* [What to work on]: Each line of the listing below must be retyped exactly, with images left out.

* [Supplied data]:
>>>>
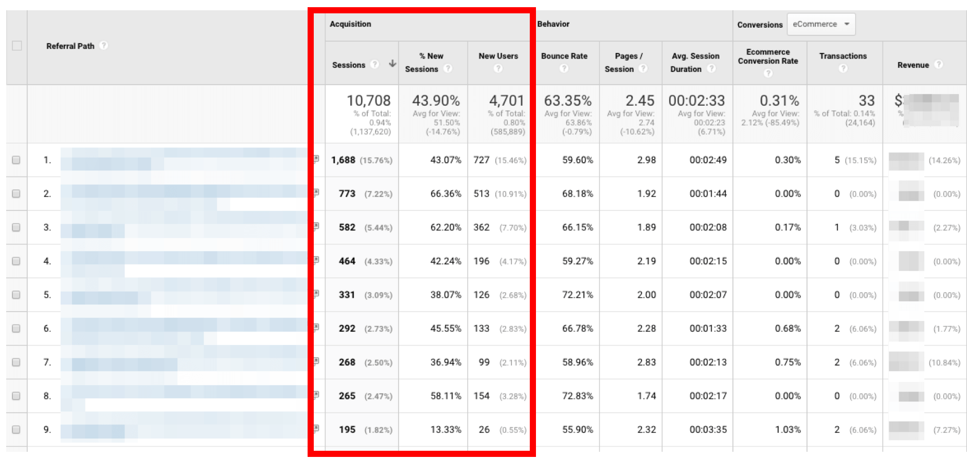 If you notice that the number of sessions starts to drop, then you can revisit the referral source to identify issues.
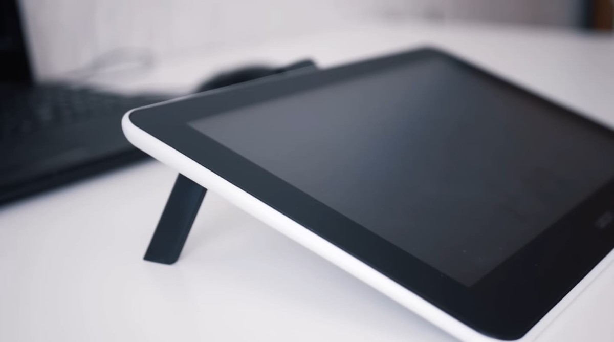 Я бы не сказала, что Wacom One – красивое устройство, но с другой стороны, а так ли важна внешняя красота? Мне кажется, нет. Куда важнее эргономика и удобство использования. Да и сборка здесь классная. Основание устройства выполнено из прочного белого пластика и имеет две встроенные складные ножки для регулировки высоты. В верхней части устройства находится порт для зарядки, тканевый держатель для стилуса и кнопку питания.
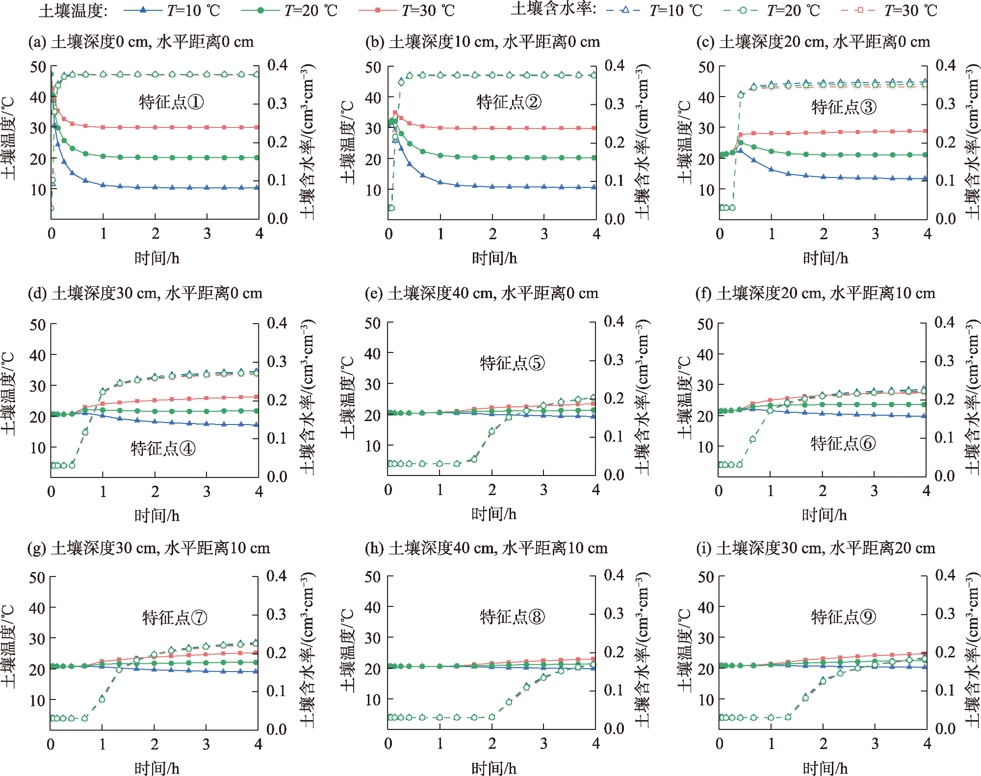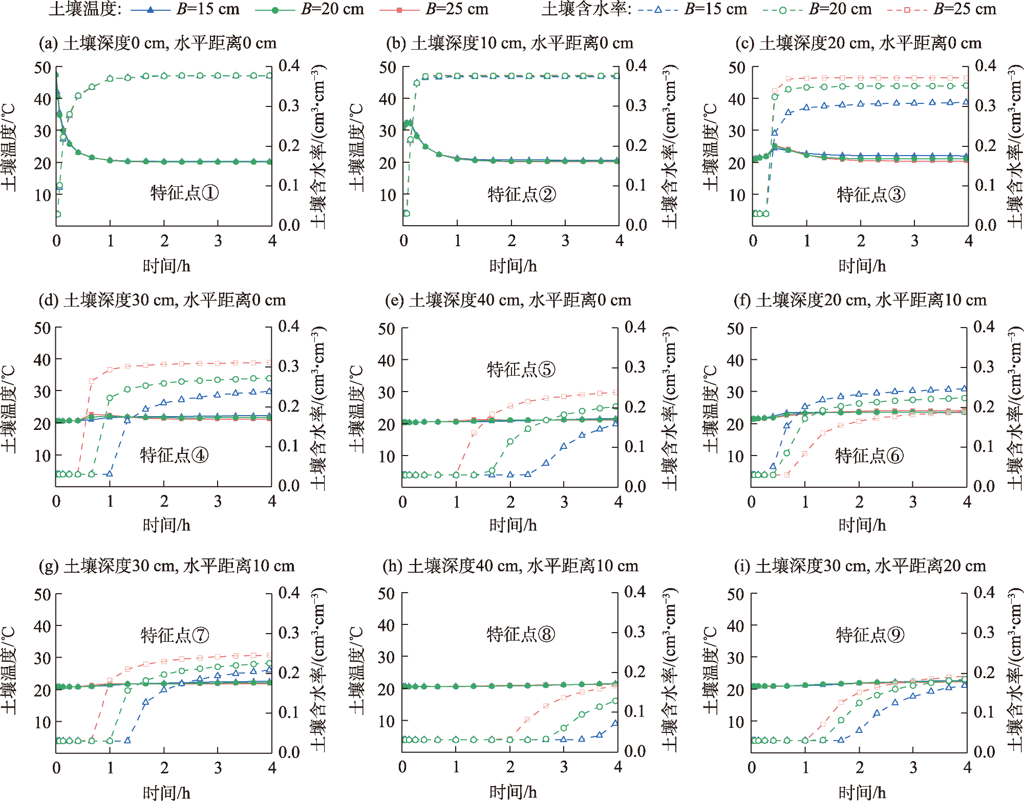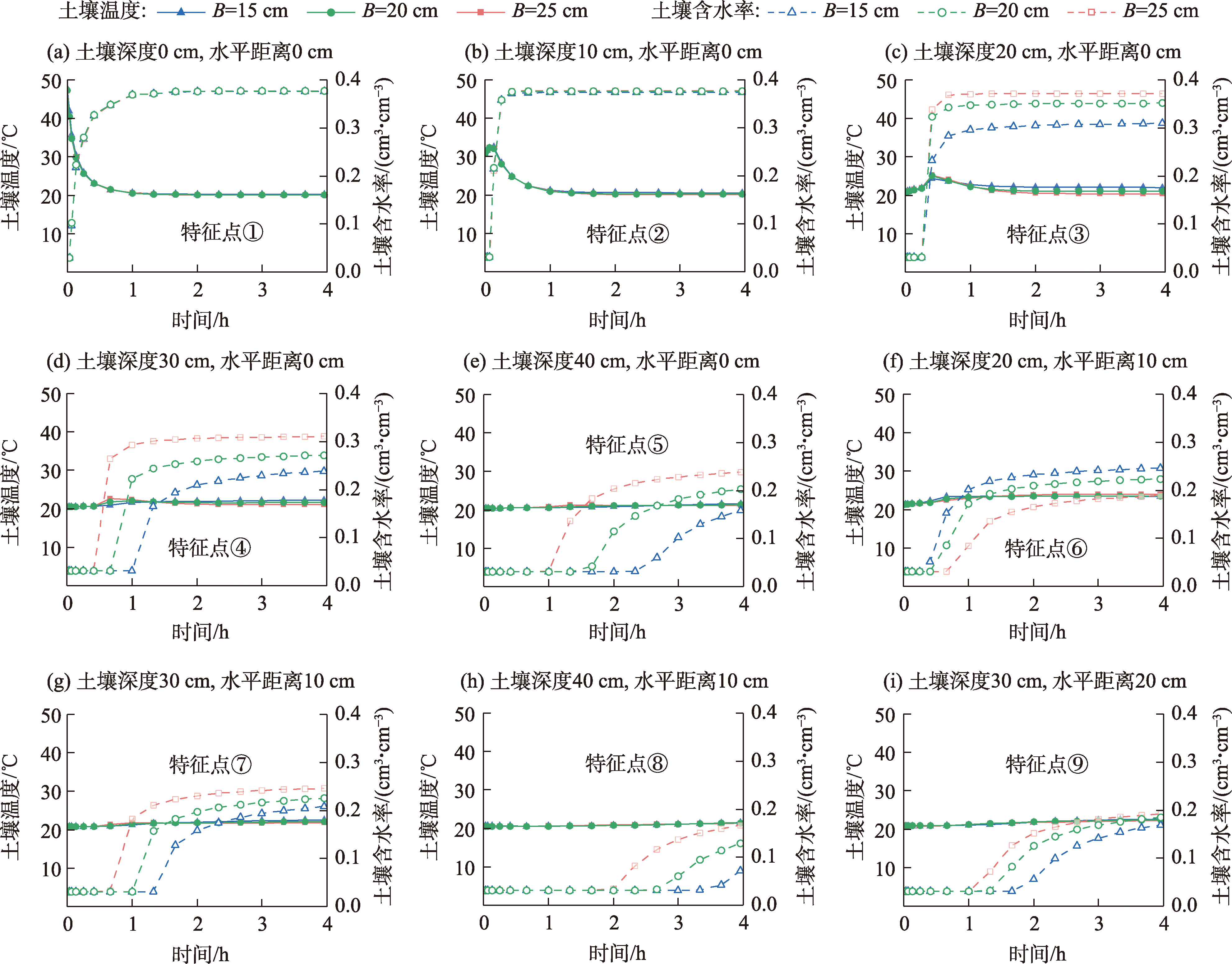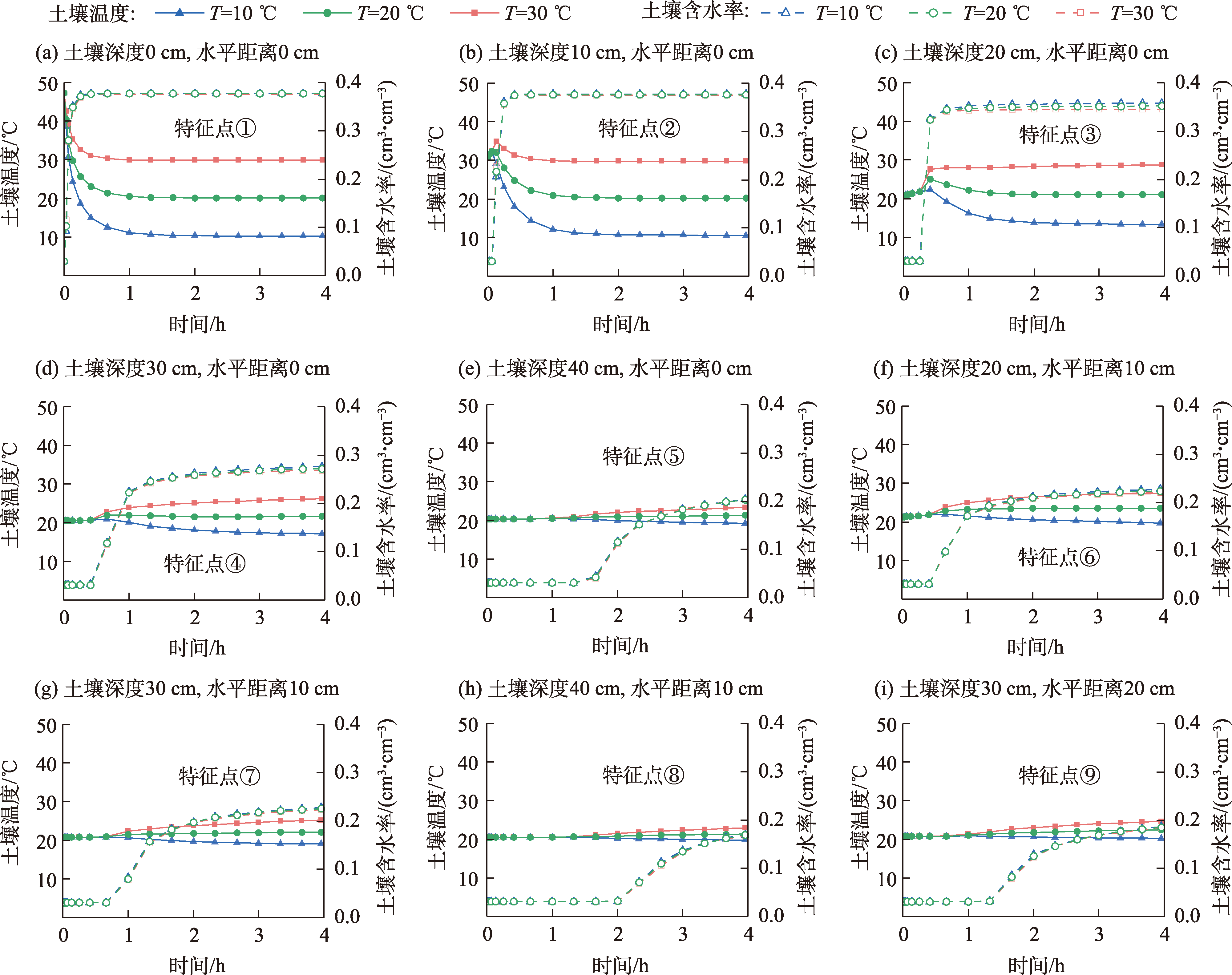 注:θr为土壤残余含水率;θs为土壤饱和含水率;α为进气值倒数;n为土壤物理特性有关的拟合参数;Ks为土壤饱和导水率;Solid为土壤固相占总体积的比率;Org为有机质占总体积的比率;DL为土壤纵向热扩散率;DT为土壤横向热扩散率;b1、b2、b3为热导率函数中系数;Cn为土壤固相的热容;Co为土壤有机质的热容;Cw为土壤液相的热容。 |
<<<<
* [Solution to this problem]:
 If you notice that the number of sessions starts to drop, then you can revisit the referral source to identify issues.
 Я бы не сказала, что Wacom One – красивое устройство, но с другой стороны, а так ли важна внешняя красота? Мне кажется, нет. Куда важнее эргономика и удобство использования. Да и сборка здесь классная. Основание устройства выполнено из прочного белого пластика и имеет две встроенные складные ножки для регулировки высоты. В верхней части устройства находится порт для зарядки, тканевый держатель для стилуса и кнопку питания.
 注:θr为土壤残余含水率;θs为土壤饱和含水率;α为进气值倒数;n为土壤物理特性有关的拟合参数;Ks为土壤饱和导水率;Solid为土壤固相占总体积的比率;Org为有机质占总体积的比率;DL为土壤纵向热扩散率;DT为土壤横向热扩散率;b1、b2、b3为热导率函数中系数;Cn为土壤固相的热容;Co为土壤有机质的热容;Cw为土壤液相的热容。 |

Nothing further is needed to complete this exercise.